Information supplied:

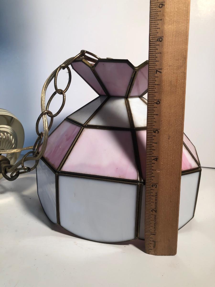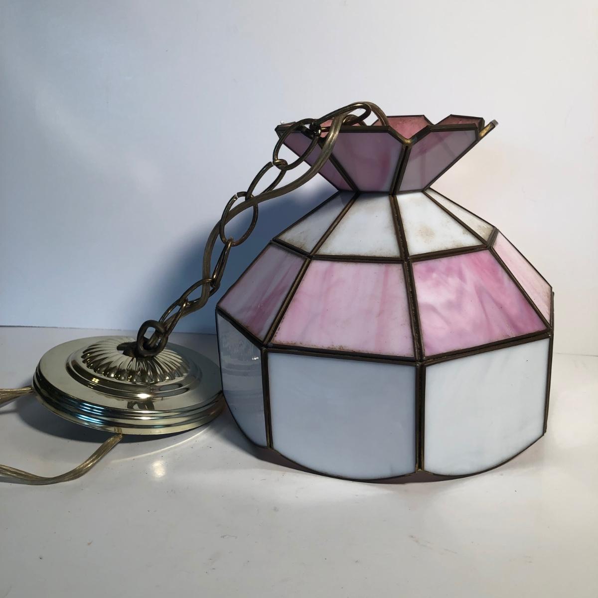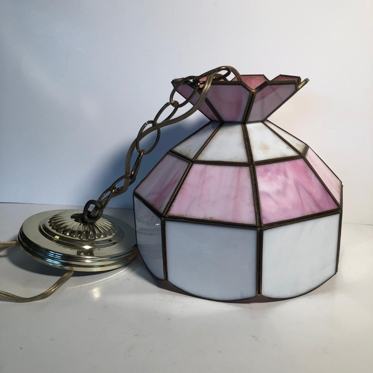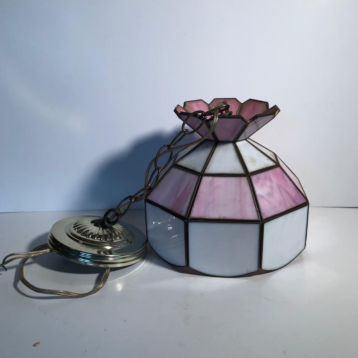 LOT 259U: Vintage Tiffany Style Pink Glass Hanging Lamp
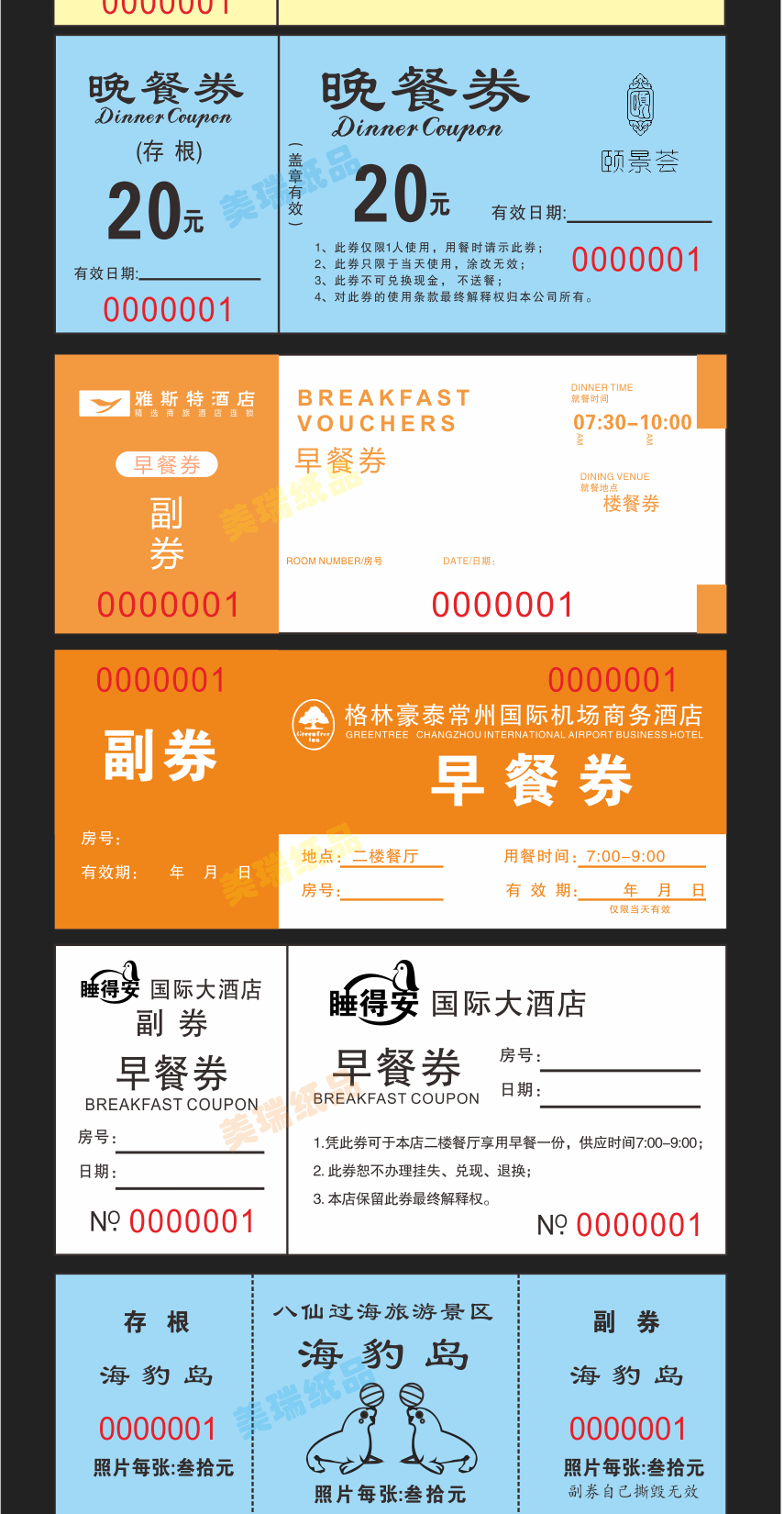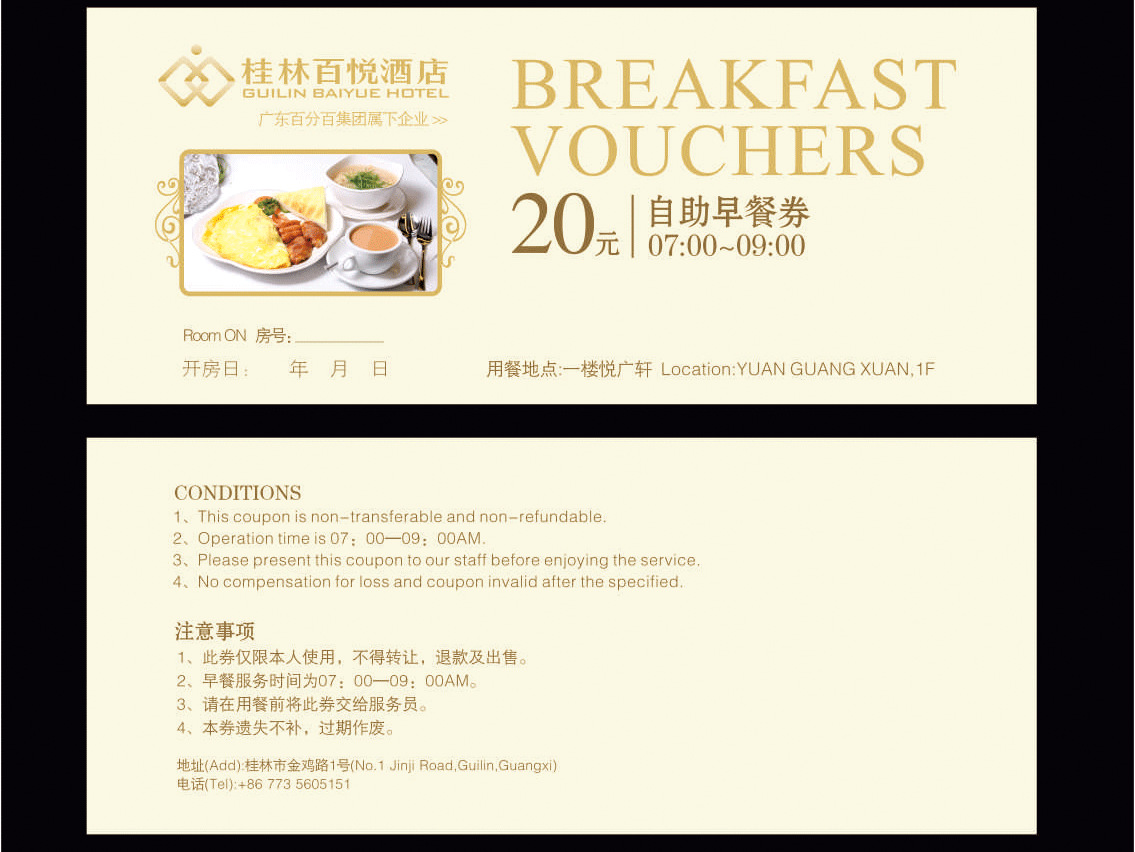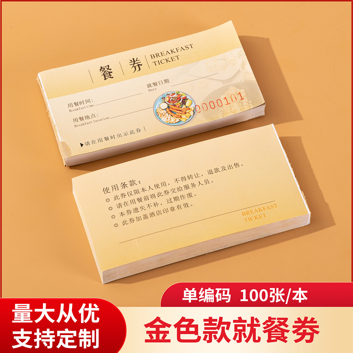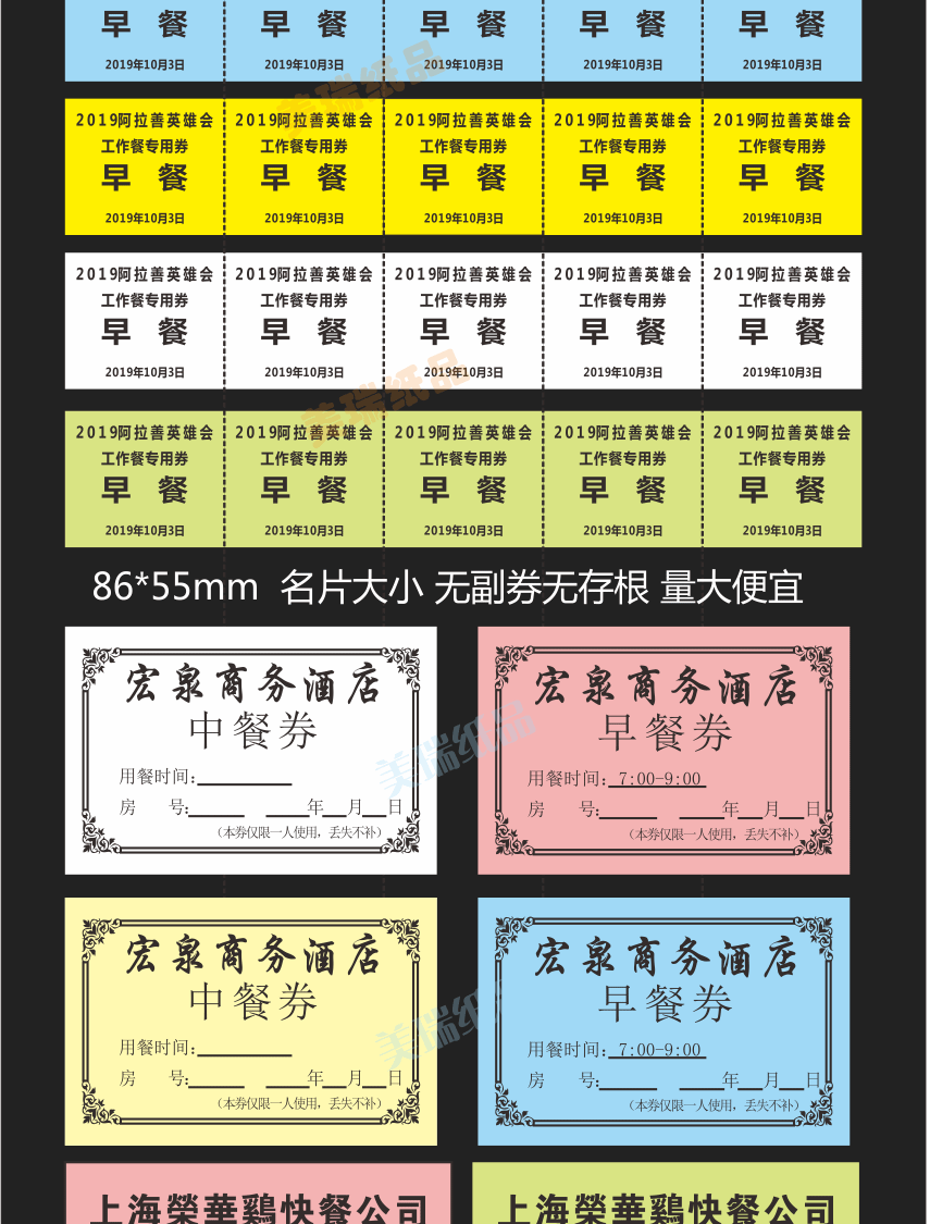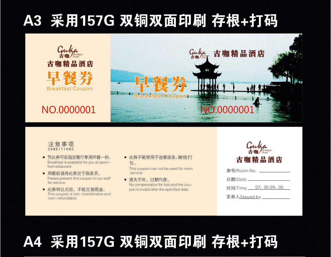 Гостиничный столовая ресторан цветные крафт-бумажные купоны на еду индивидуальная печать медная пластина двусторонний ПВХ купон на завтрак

--

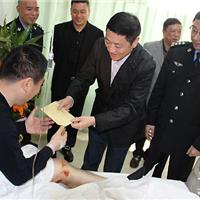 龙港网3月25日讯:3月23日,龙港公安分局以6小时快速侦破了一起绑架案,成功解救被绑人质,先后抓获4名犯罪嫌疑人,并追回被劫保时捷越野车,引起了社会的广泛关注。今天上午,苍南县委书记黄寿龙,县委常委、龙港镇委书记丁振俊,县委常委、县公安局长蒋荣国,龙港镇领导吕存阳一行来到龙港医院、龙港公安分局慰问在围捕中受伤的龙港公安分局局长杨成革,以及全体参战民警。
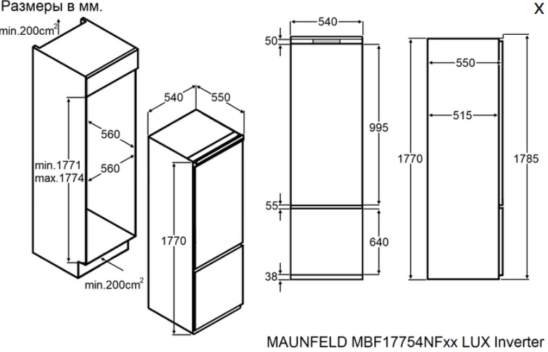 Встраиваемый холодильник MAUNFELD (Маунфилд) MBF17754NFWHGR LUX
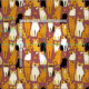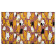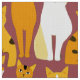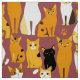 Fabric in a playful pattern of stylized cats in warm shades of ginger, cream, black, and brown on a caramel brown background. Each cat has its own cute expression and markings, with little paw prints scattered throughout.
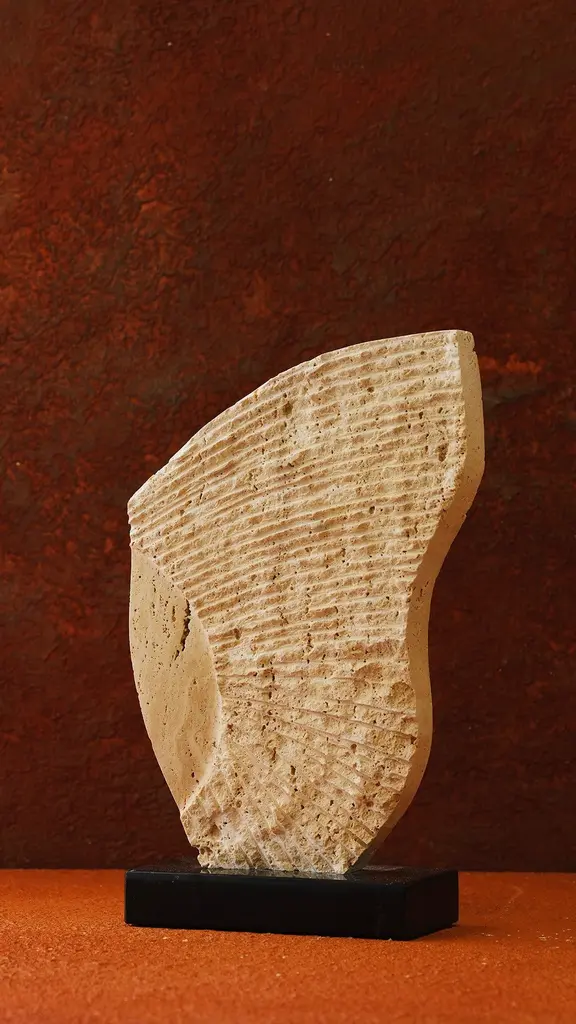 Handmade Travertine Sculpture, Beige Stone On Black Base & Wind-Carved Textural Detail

Aim of the exercise: What is needed is an exact copy of only the lines above from the one with "龙港网3月25日讯:3月23" to the one with "Handmade Travertine Sculpture, Beige", both kept, with every picture left out.

Task answer:
 龙港网3月25日讯:3月23日,龙港公安分局以6小时快速侦破了一起绑架案,成功解救被绑人质,先后抓获4名犯罪嫌疑人,并追回被劫保时捷越野车,引起了社会的广泛关注。今天上午,苍南县委书记黄寿龙,县委常委、龙港镇委书记丁振俊,县委常委、县公安局长蒋荣国,龙港镇领导吕存阳一行来到龙港医院、龙港公安分局慰问在围捕中受伤的龙港公安分局局长杨成革,以及全体参战民警。
 Встраиваемый холодильник MAUNFELD (Маунфилд) MBF17754NFWHGR LUX
 Fabric in a playful pattern of stylized cats in warm shades of ginger, cream, black, and brown on a caramel brown background. Each cat has its own cute expression and markings, with little paw prints scattered throughout.
 Handmade Travertine Sculpture, Beige Stone On Black Base & Wind-Carved Textural Detail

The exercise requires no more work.